Reproduce the whole listing, keeping every character the same.

• Provided data
▬▬▬
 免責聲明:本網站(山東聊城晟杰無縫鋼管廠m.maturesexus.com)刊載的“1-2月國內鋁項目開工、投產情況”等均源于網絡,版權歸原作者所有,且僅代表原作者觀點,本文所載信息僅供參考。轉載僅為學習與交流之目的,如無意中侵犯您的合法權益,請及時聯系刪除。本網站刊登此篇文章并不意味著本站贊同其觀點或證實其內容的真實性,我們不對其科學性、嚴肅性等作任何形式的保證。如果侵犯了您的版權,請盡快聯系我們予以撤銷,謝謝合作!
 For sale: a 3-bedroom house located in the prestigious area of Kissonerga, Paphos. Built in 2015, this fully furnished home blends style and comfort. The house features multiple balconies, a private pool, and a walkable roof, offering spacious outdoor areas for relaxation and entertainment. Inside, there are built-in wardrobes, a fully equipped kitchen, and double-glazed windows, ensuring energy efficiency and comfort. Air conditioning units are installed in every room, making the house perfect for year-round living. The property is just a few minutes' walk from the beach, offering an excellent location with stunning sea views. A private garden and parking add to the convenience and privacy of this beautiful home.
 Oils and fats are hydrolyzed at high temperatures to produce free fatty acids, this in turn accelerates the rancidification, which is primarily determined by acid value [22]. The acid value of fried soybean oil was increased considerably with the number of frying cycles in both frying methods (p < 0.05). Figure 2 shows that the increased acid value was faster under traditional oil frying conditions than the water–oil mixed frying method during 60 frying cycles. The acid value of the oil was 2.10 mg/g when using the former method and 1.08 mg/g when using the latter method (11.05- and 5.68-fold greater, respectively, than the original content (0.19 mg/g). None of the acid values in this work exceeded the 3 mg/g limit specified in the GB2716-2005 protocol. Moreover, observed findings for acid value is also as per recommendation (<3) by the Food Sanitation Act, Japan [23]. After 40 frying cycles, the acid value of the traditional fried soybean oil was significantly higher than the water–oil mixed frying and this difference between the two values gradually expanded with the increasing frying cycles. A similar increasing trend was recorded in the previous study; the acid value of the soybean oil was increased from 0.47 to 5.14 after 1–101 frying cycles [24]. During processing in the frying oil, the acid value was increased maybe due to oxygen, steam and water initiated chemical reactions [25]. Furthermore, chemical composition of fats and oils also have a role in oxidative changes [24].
▬▬▬
• Task solution
 免責聲明:本網站(山東聊城晟杰無縫鋼管廠m.maturesexus.com)刊載的“1-2月國內鋁項目開工、投產情況”等均源于網絡,版權歸原作者所有,且僅代表原作者觀點,本文所載信息僅供參考。轉載僅為學習與交流之目的,如無意中侵犯您的合法權益,請及時聯系刪除。本網站刊登此篇文章并不意味著本站贊同其觀點或證實其內容的真實性,我們不對其科學性、嚴肅性等作任何形式的保證。如果侵犯了您的版權,請盡快聯系我們予以撤銷,謝謝合作!
 For sale: a 3-bedroom house located in the prestigious area of Kissonerga, Paphos. Built in 2015, this fully furnished home blends style and comfort. The house features multiple balconies, a private pool, and a walkable roof, offering spacious outdoor areas for relaxation and entertainment. Inside, there are built-in wardrobes, a fully equipped kitchen, and double-glazed windows, ensuring energy efficiency and comfort. Air conditioning units are installed in every room, making the house perfect for year-round living. The property is just a few minutes' walk from the beach, offering an excellent location with stunning sea views. A private garden and parking add to the convenience and privacy of this beautiful home.
 Oils and fats are hydrolyzed at high temperatures to produce free fatty acids, this in turn accelerates the rancidification, which is primarily determined by acid value [22]. The acid value of fried soybean oil was increased considerably with the number of frying cycles in both frying methods (p < 0.05). Figure 2 shows that the increased acid value was faster under traditional oil frying conditions than the water–oil mixed frying method during 60 frying cycles. The acid value of the oil was 2.10 mg/g when using the former method and 1.08 mg/g when using the latter method (11.05- and 5.68-fold greater, respectively, than the original content (0.19 mg/g). None of the acid values in this work exceeded the 3 mg/g limit specified in the GB2716-2005 protocol. Moreover, observed findings for acid value is also as per recommendation (<3) by the Food Sanitation Act, Japan [23]. After 40 frying cycles, the acid value of the traditional fried soybean oil was significantly higher than the water–oil mixed frying and this difference between the two values gradually expanded with the increasing frying cycles. A similar increasing trend was recorded in the previous study; the acid value of the soybean oil was increased from 0.47 to 5.14 after 1–101 frying cycles [24]. During processing in the frying oil, the acid value was increased maybe due to oxygen, steam and water initiated chemical reactions [25]. Furthermore, chemical composition of fats and oils also have a role in oxidative changes [24].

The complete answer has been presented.